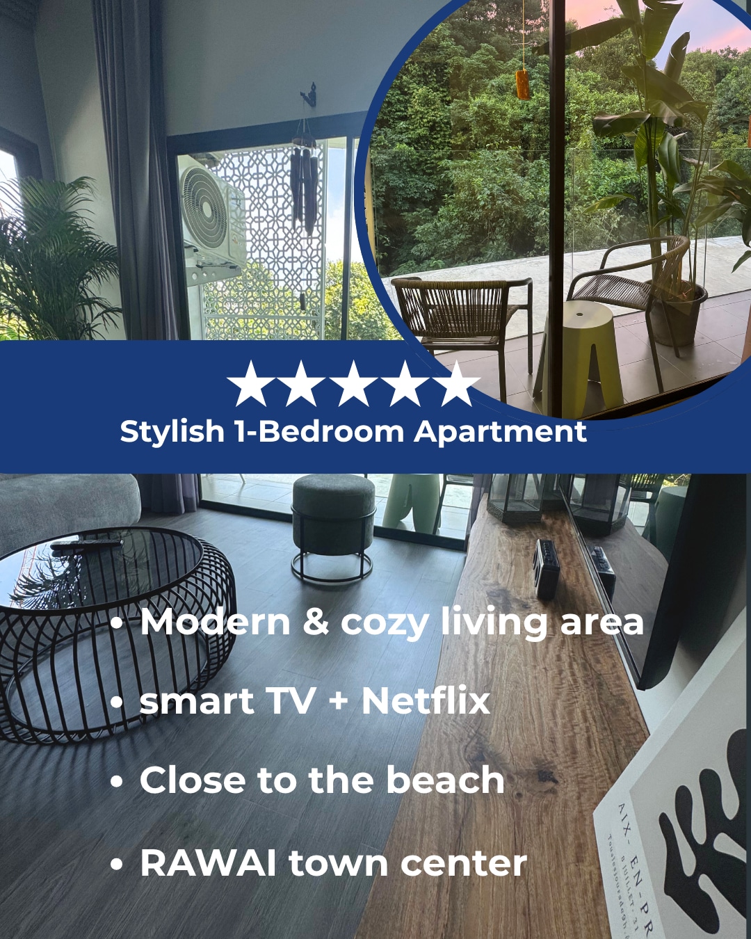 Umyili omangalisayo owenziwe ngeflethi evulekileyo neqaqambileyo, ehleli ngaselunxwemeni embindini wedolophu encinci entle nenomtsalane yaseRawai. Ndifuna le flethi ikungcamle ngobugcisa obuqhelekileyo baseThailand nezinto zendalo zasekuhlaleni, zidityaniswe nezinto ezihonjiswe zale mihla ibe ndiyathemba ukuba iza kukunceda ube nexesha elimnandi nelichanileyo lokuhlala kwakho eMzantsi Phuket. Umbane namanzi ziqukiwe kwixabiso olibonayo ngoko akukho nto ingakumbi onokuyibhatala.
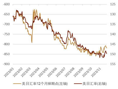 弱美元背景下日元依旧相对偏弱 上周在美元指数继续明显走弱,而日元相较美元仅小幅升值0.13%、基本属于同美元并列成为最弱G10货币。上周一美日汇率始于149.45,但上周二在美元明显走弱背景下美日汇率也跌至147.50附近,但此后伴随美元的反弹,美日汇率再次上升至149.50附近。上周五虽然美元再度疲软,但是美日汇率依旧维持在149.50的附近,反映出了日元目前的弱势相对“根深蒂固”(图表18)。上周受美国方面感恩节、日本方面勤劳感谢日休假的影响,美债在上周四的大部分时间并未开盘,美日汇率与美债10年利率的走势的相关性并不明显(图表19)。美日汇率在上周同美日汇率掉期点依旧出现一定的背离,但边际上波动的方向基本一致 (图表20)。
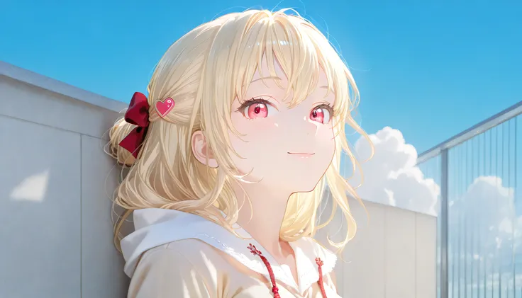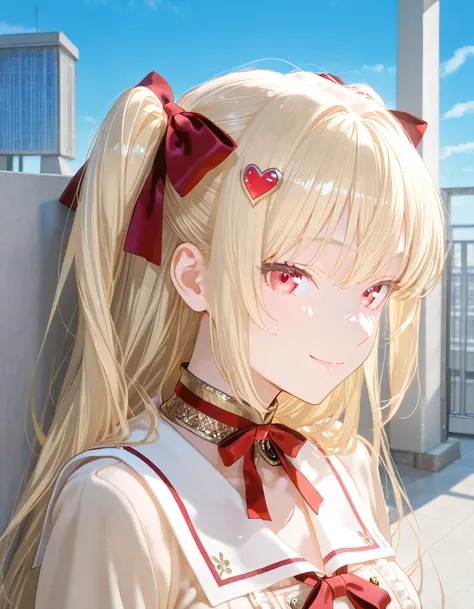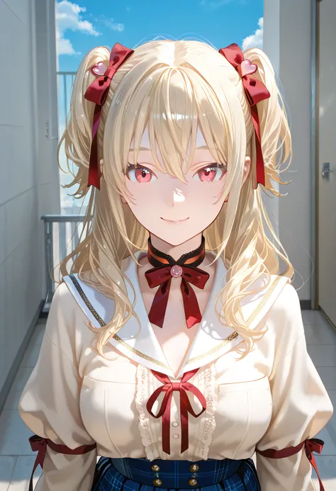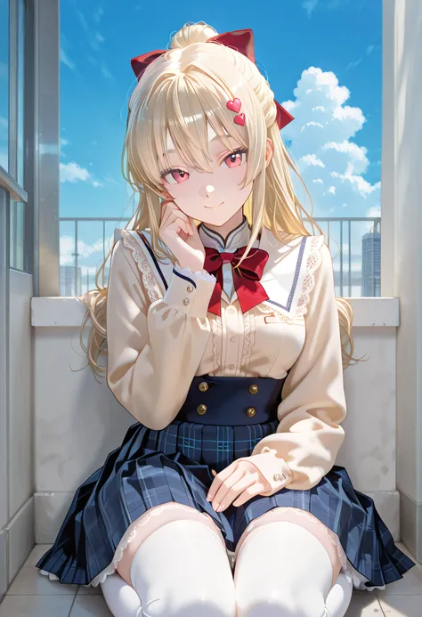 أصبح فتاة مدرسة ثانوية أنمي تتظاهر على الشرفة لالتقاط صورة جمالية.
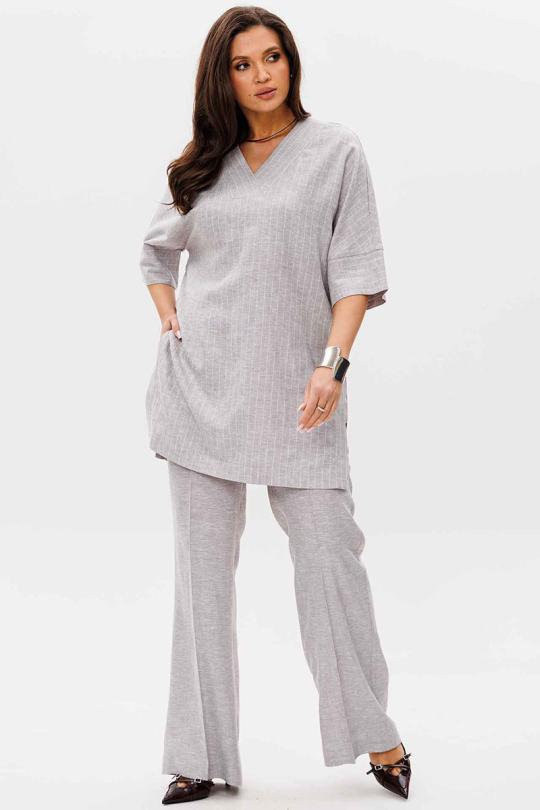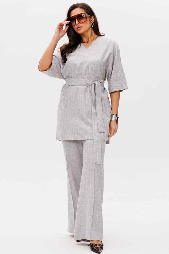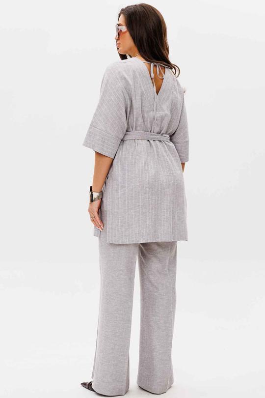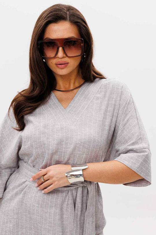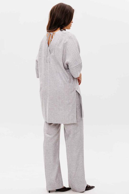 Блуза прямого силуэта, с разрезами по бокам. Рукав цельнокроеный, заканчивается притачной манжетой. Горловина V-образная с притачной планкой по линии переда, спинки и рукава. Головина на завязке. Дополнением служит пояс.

=== Work task ===
A verbatim copy of the data, with all pictures omitted, is the required output.

=== Result of the task ===
 Umyili omangalisayo owenziwe ngeflethi evulekileyo neqaqambileyo, ehleli ngaselunxwemeni embindini wedolophu encinci entle nenomtsalane yaseRawai. Ndifuna le flethi ikungcamle ngobugcisa obuqhelekileyo baseThailand nezinto zendalo zasekuhlaleni, zidityaniswe nezinto ezihonjiswe zale mihla ibe ndiyathemba ukuba iza kukunceda ube nexesha elimnandi nelichanileyo lokuhlala kwakho eMzantsi Phuket. Umbane namanzi ziqukiwe kwixabiso olibonayo ngoko akukho nto ingakumbi onokuyibhatala.
 弱美元背景下日元依旧相对偏弱 上周在美元指数继续明显走弱,而日元相较美元仅小幅升值0.13%、基本属于同美元并列成为最弱G10货币。上周一美日汇率始于149.45,但上周二在美元明显走弱背景下美日汇率也跌至147.50附近,但此后伴随美元的反弹,美日汇率再次上升至149.50附近。上周五虽然美元再度疲软,但是美日汇率依旧维持在149.50的附近,反映出了日元目前的弱势相对“根深蒂固”(图表18)。上周受美国方面感恩节、日本方面勤劳感谢日休假的影响,美债在上周四的大部分时间并未开盘,美日汇率与美债10年利率的走势的相关性并不明显(图表19)。美日汇率在上周同美日汇率掉期点依旧出现一定的背离,但边际上波动的方向基本一致 (图表20)。
 أصبح فتاة مدرسة ثانوية أنمي تتظاهر على الشرفة لالتقاط صورة جمالية.
 Блуза прямого силуэта, с разрезами по бокам. Рукав цельнокроеный, заканчивается притачной манжетой. Горловина V-образная с притачной планкой по линии переда, спинки и рукава. Головина на завязке. Дополнением служит пояс.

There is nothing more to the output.